When all operations are complete, stop the daemon: $bin/stop-all.sh

Summary of commands (Command) in Hadoop0.20.0 deployment and testing

This part of the content can actually be understood through the command Help and introduction, I mainly focus on introducing a few commands that I use more. The Hadoopdfs command is followed by a parameter for the operation of HDFS, which is similar to the command of the Linux operating system, for example:

Hadoopdfs-ls is to view the contents of the / usr/root directory. If the path is left empty by default, this is the current user path.

Hadoopdfs-rmrxxx is to delete a directory. If you execute it multiple times, you can use this command to delete the existing folder contents before each execution.

The command Hadoopdfsadmin-report can view the situation of DataNode globally.

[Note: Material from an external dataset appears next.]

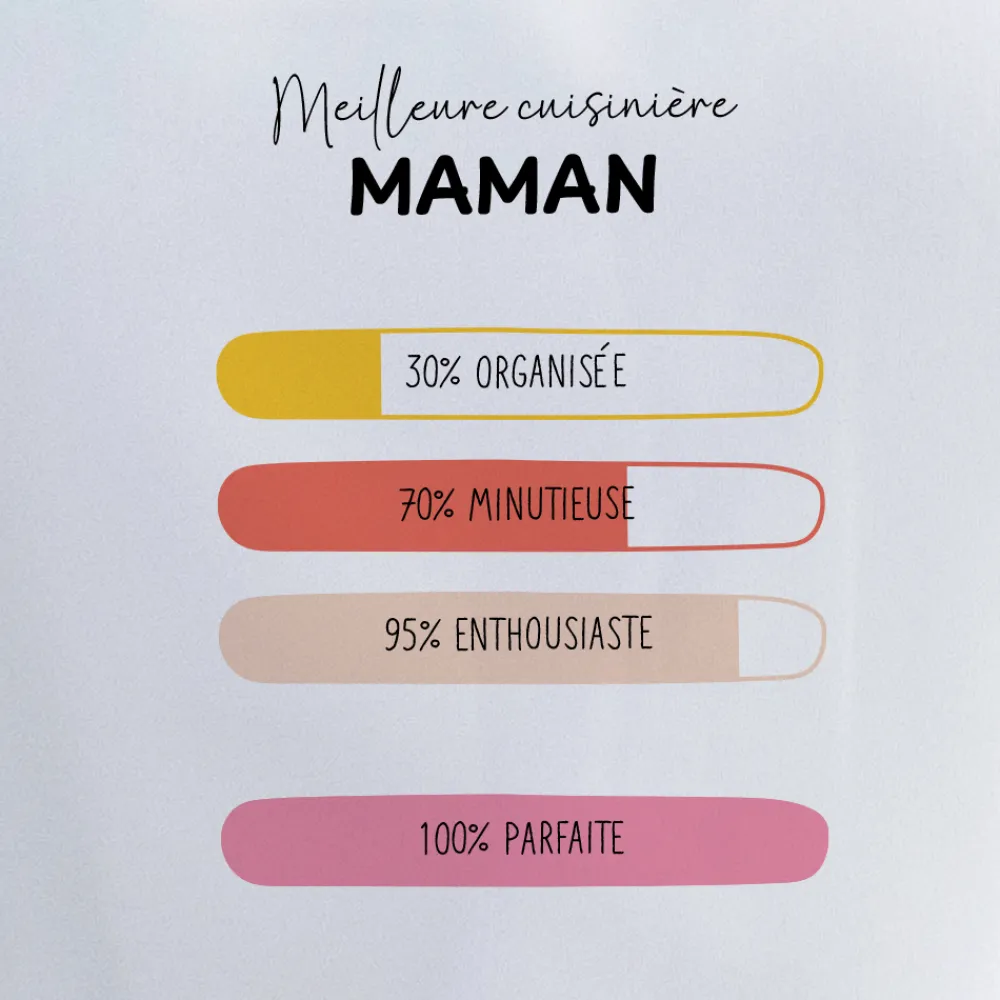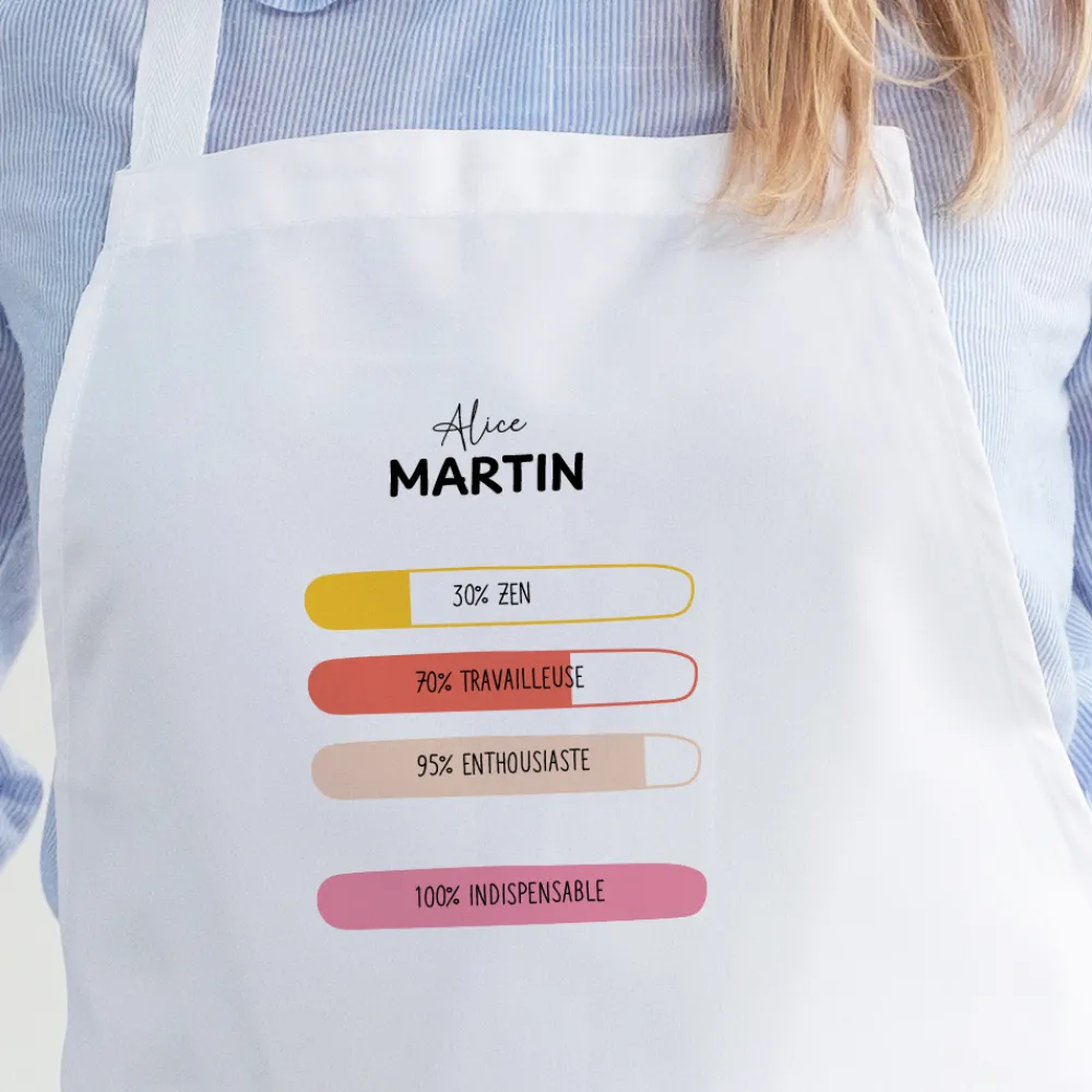 Un tablier qui donne le sourire avant même de cuisiner ! Avec son design coloré en barres de pourcentage, ce tablier personnalisé met en valeur les petites habitudes, passions et traits de caractère de celui ou celle qui le porte. Sportif, gourmand, blagueur, bricoleur… à vous de remplir chaque ligne avec ce qui le rend unique. Les pourcentages restent fixes, mais le message est entièrement personnel !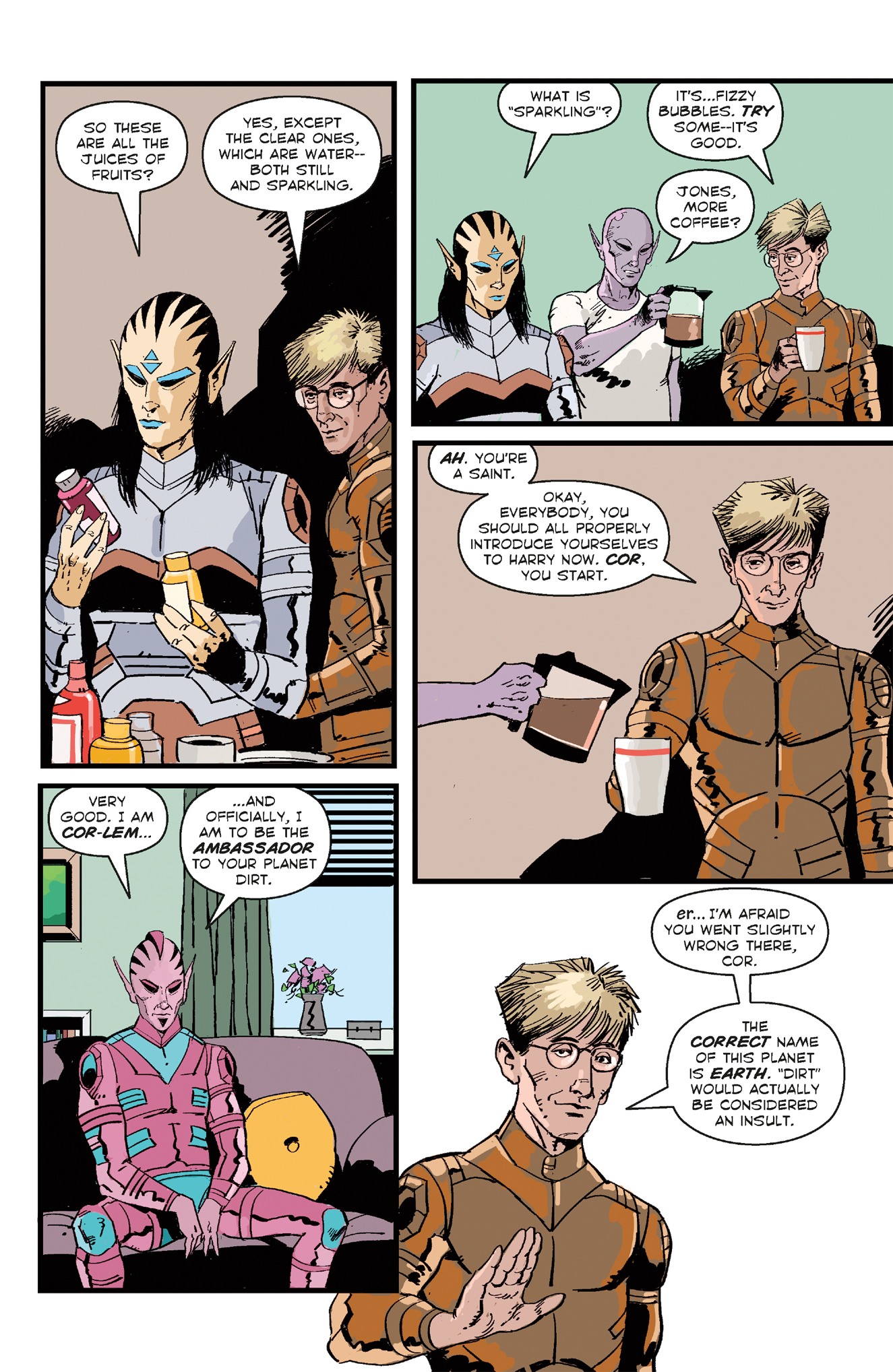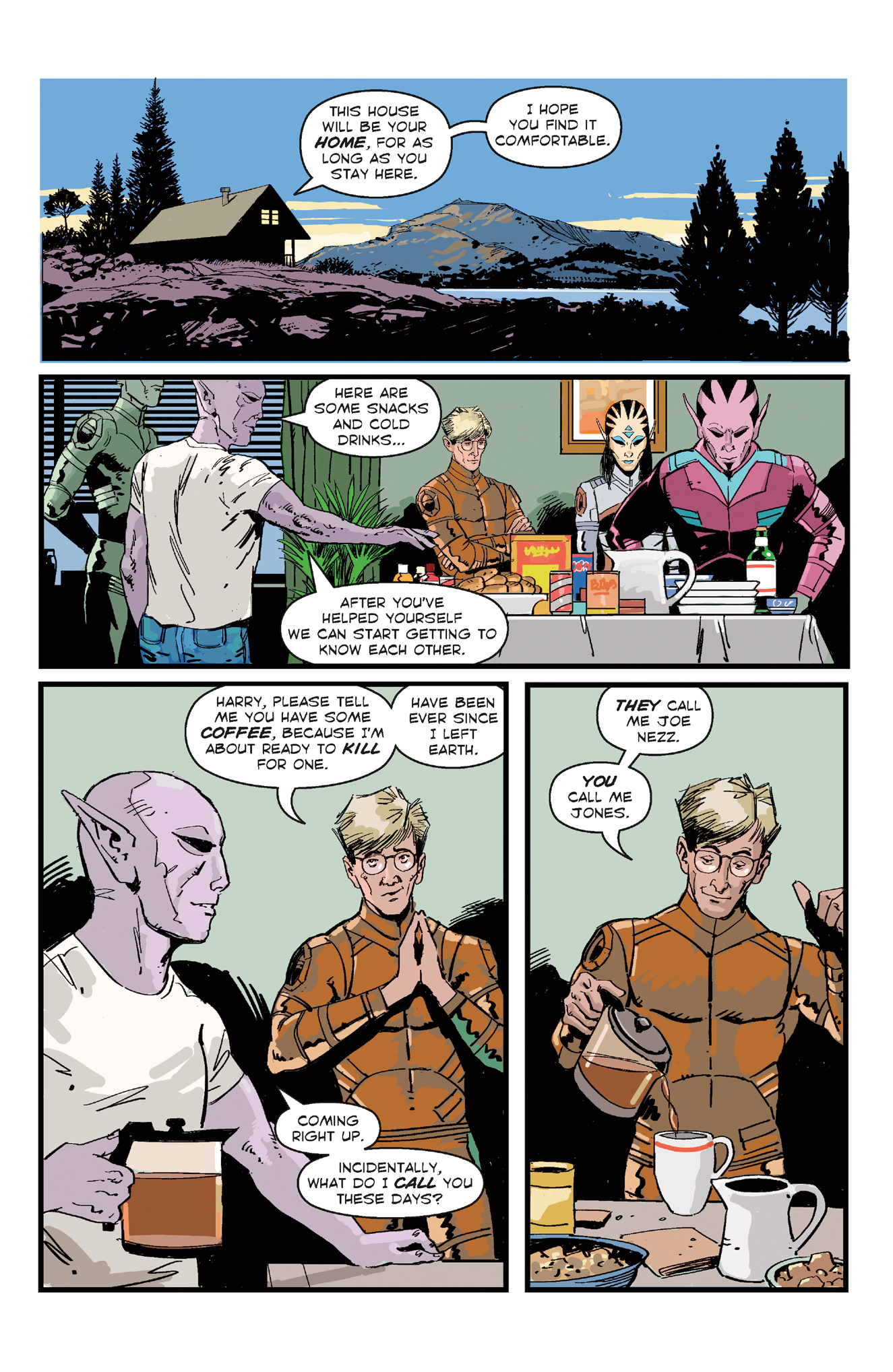 Return to Patience, USA, the seemingly sleepy town with numerous mysteries and secrets—and a handful of those are interplanetary! Harry and Asta, having recently welcomed their child Clover into the world, now welcome several visitors from Harry’s home planet.

The parameter added after Hadoopjob is the operation of the currently running Job, such as list,kill, etc.

Hadoopbalancer is the command mentioned earlier to balance the disk load.

On the Hadoop0.20.0 deployment and testing of stand-alone and pseudo-distribution mode operation methods are shared here, I hope the above content can be of some help to you, can learn more knowledge. If you think the article is good, you can share it for more people to see.

Welcome to subscribe "Shulou Technology Information " to get latest news, interesting things and hot topics in the IT industry, and controls the hottest and latest Internet news, technology news and IT industry trends.

*The comments in the above article only represent the author's personal views and do not represent the views and positions of this website. If you have more insights, please feel free to contribute and share.